# I am getting a new female Chihuahua.



## Constance (Feb 3, 2008)

I have made contact with the registered breeder of her and we are going through the process of checking out her bloodlines with my male dog. We are in the very first stages of the process so I have little information, I will keep you updated as we go along, this is way too cool.


----------



## chibellaxo (Jul 6, 2008)

it sure is; congratulations!


----------



## Constance (Feb 3, 2008)

Thank you and I am excited as this breeder is the best and she really looks after people when they get one of her little ones.


----------



## LittleDogsRock (Aug 8, 2008)

Congratulations.
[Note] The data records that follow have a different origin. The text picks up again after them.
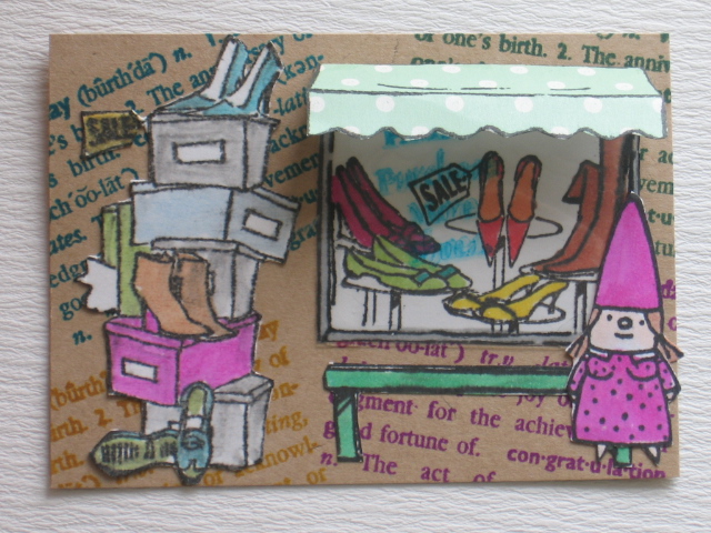 今日のカードはmixiの中の『スタンプでATC!』というコミュのATC Challenge ♯58「ショッピング! 」 です。ルールは ●ショッピングにまつわるATC ●緑色を使う。 ●スタンプをどこかに使う。 です。 というお題です。そろそろバーゲンも始まってきていますよね。私はArt ImpressionsのShoppe WindowsシリーズのShoe Shoppeのスタンプのセットを使って作りました。窓の日よけ部分は別にスタンプして立体的にしました。使用ペーパー:普通紙、モダンクラフト紙、トランスパレンシー、パターンペーパー使用スタンプ:Art Impressions、OBP、Hero Arts使用インク:Versafine、StazOn、コピックペン、Adirondack
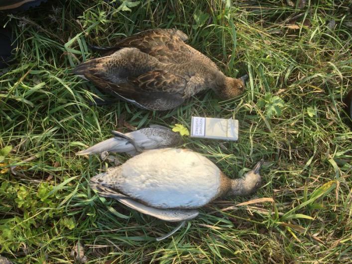 свиязь крупнее, белое пузо, клюв с синевой.
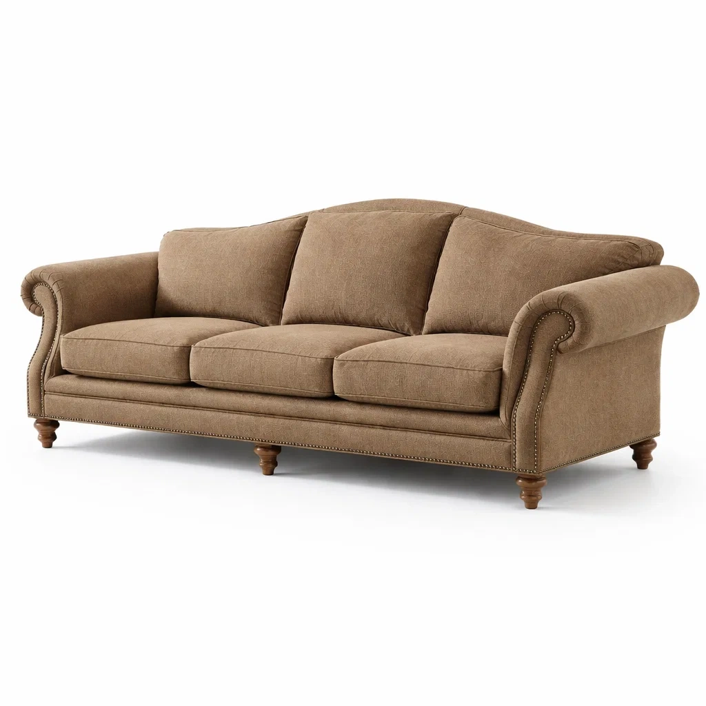 Ce canapé est conçu avec un revêtement en tissu de lin brun. Les pieds sont fabriqués en bois massif pour assurer la stabilité.
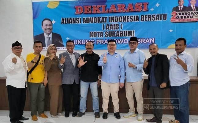 KOTA SUKABUMI (sukabumiNews.id) – Aliansi Advokat Indonesia Bersatu (AAIB) Kota Sukabumi mendeklarasikan dukungannya untuk Calon Presiden dan Wakil Calon Presiden (Capres-Cawapres) 2024, Prabowo Subianto – Gibran Rakabuming Raka.
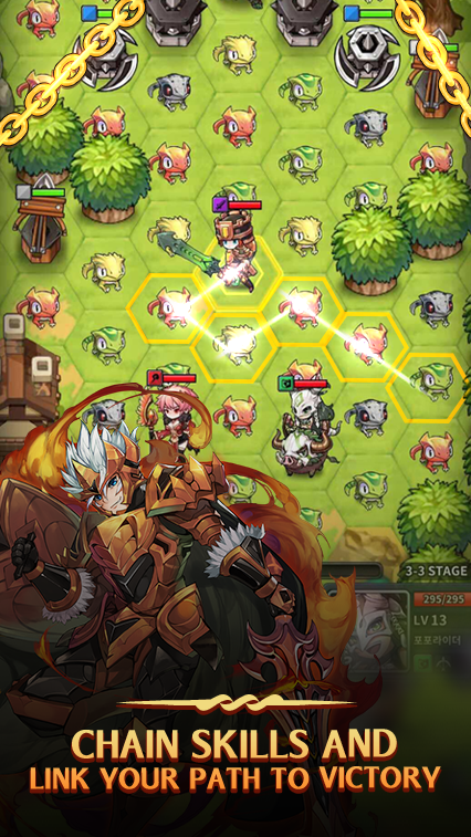 In TripleChain, players start their journey with one hero in their team of mercenaries. Join the adventure of Lionel, a warrior, who is on a mission to regain his lost memories. He is joined by an ally named Christina, a powerful wizard. Along the way, they will meet several more companions as they face tougher enemies as they progress through the story.
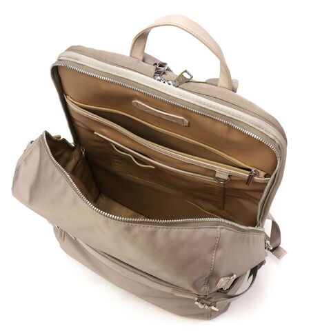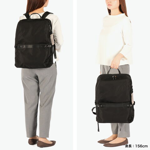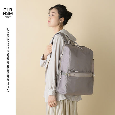 | カジュアルに使える ラフなお仕事リュック リサイクルナイロンを使った、女性のためのお仕事リュックシリーズ『Lycka/リッカ』のスクエア型リュック。カジュアルすぎず、堅すぎず、使いやすさと見た目の「ちょうど良いバランス」を考え抜いたデザインが魅力です。B4サイズに対応した大きめサイズなので、荷物が多い方にもおすすめ。ビジネスに役立つ機能を備え、通勤から出張や旅行にも大活躍します。 |
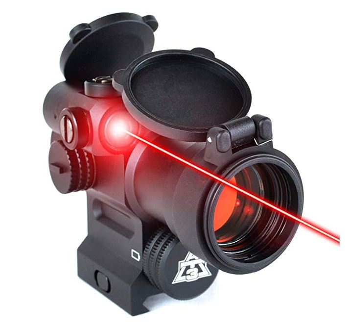 AT3 LEOS Red Dot Sight with Integrated Red or Green Laser Sight - 2 MOA Red Dot Scope with Flip Up Lens Caps
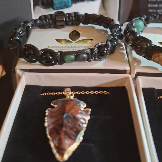 Her har vi plukket ut Milam Design Chambhala armbånd for herrer og et kjede med JASPER Arrowhead anheng. ( Se Video )
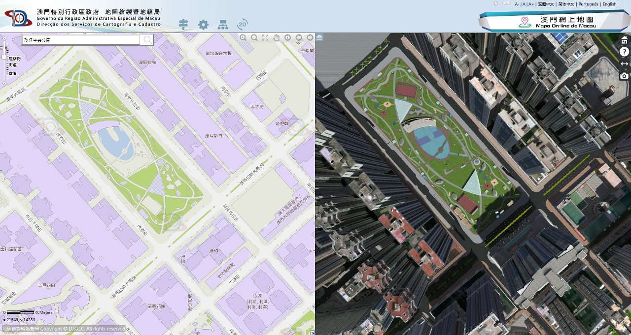 According to《The Five-Year Development Plan of the Macao Special Administrative Region (2016-2020) 》, to tie in with the development of smart city and the implementation of the three-dimensional map application, Cartography and Cadastre Bureau (DSCC) launches the 3D Map function on the basis of the “Macao Online Map” platform, which allows public to navigate the 3D scenes of Macao in a visual and multi-angles way and see the city's landscapes without going out.
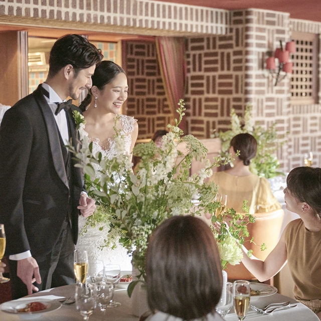陽光が降り注ぐレンガ造りの「アヴァンザール」は、少人数でのパーティーに最適なアットホームな雰囲気の空間です。大切なゲストの皆さまと、肩肘張らないおふたりらしいスタイルでゆったりとお愉しみいただけます。年間3700組以上の挙式を手がけるディアーズ・ウエディングによる充実のサービスで、心からご満足いただけるパーティーを形にします。
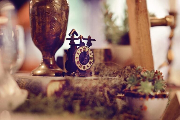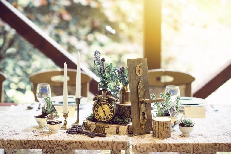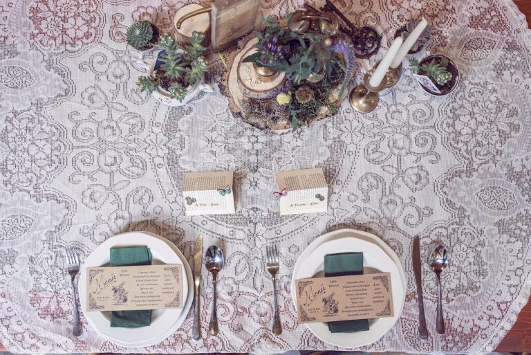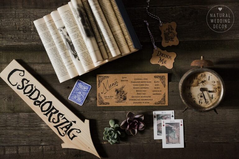 Az asztalok Alíz, csodaországban hangulatot kaptak: mohával benőtt órák és teáscsészék, az asztalszámok pedig kilincses “ajtódarabok” voltak. Az ültetési rend könyvekbe bújtatott kártyákból állt: mindenki megkereste a sajátját, és a kártya száma jelezte az asztalt.
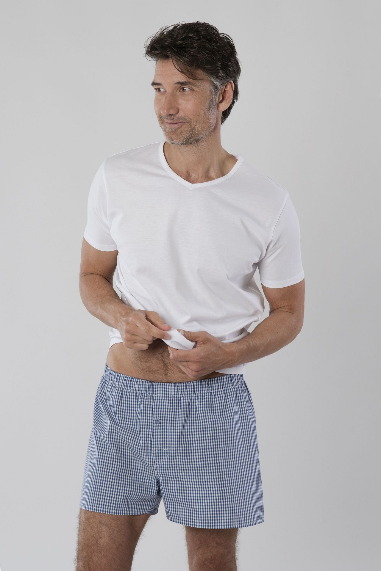 Bequeme Boxershorts Bio für Herren im 2er Pack. Aus Bio Baumwolle. Die Shorts sind schlicht und elegant. Sie haben einen Engriff mit einer dezenten Knopfleiste und einen bequemen Bund. Im 2er Pack befindet sich eine klassich gestreifte und eine dezent karierte Shorts.

What type of pup are you looking to bring into your family?


----------



## Rosiesmum (Oct 14, 2007)

Why does the breeder need to check the bloodlines out? What difference does it make?

Barbara


----------



## cocopuff (Mar 27, 2004)

Congrats on the new puppy!



Rosiesmum said:


> Why does the breeder need to check the bloodlines out? What difference does it make?
> 
> Barbara


Are you thinking of breeding her with your male?


----------



## Constance (Feb 3, 2008)

Hi everyone, I am wanting to breed her with my male and I have had a set back as the breeder emailed me that she is my Rebel's full sister. They are smooth coat Chihuahuas. The breeder is giving me the pick of Litter, from another lot of puppies to be born soon.


----------



## Rosiesmum (Oct 14, 2007)

SMENG said:


> Hi everyone, I am wanting to breed her with my male and I have had a set back as the breeder emailed me that she is my Rebel's full sister. They are smooth coat Chihuahuas. The breeder is giving me the pick of Litter, from another lot of puppies to be born soon.


I know nothing about good breeding practice, but wouldn't it be wiser (especially if you are an inexperienced breeder) to buy a bitch puppy of good quality then find an excellent stud dog to compliment her?
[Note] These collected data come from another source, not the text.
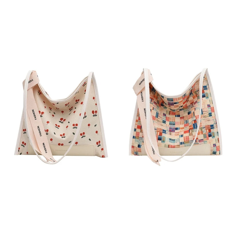 Cherry Plaid Messenger Bag Canvas Shoulder Bag for Women
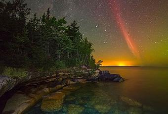 Como su nombre indica, los arcos de protones no son causados por electrones sino por protones más masivos que bombardean la atmósfera de la Tierra después de un evento energético que ha tenido lugar en el Sol. En la imagen, la luminosidad amarilla del horizonte proviene de la ciudad de Marquette (Michigan, EE.UU.) En primer plano, las rocas azules y amarillas del Lago Superior están iluminadas por una linterna led. A la izquierda del arco de protones rojo está la banda de la Vía Láctea .
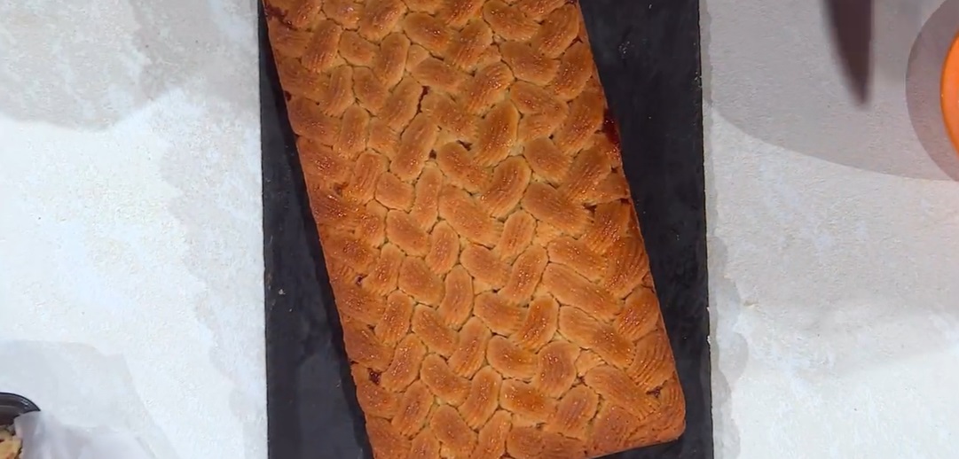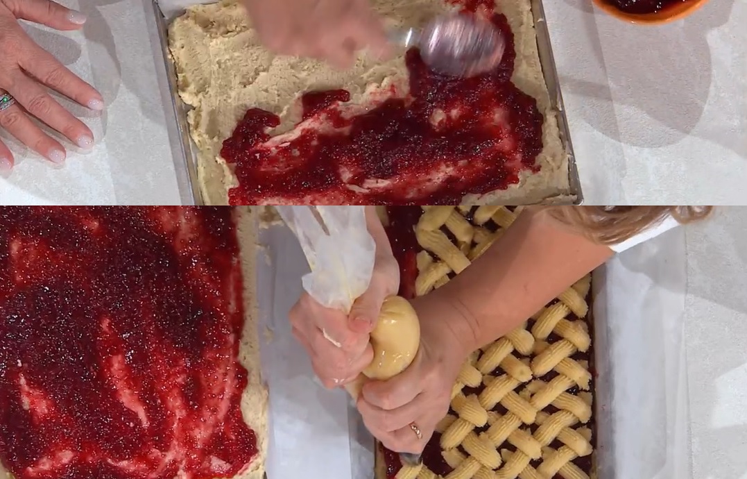 Spalmiamo sopra la confettura scelta. Inseriamo l’impasto rimasto in una sacca da pasticcere con bocchetta rigata e disegniamo sulla confettura delle ‘X’, intrecciandole tra loro. Cuociamo in forno caldo e statico a 180° per 45 minuti.

I can understand ( I think!) you breeding like this if your male has been shown and has been acknowledged as being of sound and excellent type. So maybe that is the case


----------



## chibellaxo (Jul 6, 2008)

Rosiesmum said:


> I know nothing about good breeding practice, but wouldn't it be wiser (especially if you are an inexperienced breeder) to buy a bitch puppy of good quality then find an excellent stud dog to compliment her?
> 
> I can understand ( I think!) you breeding like this if your male has been shown and has been acknowledged as being of sound and excellent type. So maybe that is the case


im confused--i thought this female she is getting is of "good" quality (i.e meets/exceeds standards, from long lived lines, health tested parents, ect)..and so is your male ( even if he was never shown).


----------



## Rosiesmum (Oct 14, 2007)

chibellaxo said:


> im confused--i thought this female she is getting is of "good" quality (i.e meets/exceeds standards, from long lived lines, health tested parents, ect)..and so is your male ( even if he was never shown).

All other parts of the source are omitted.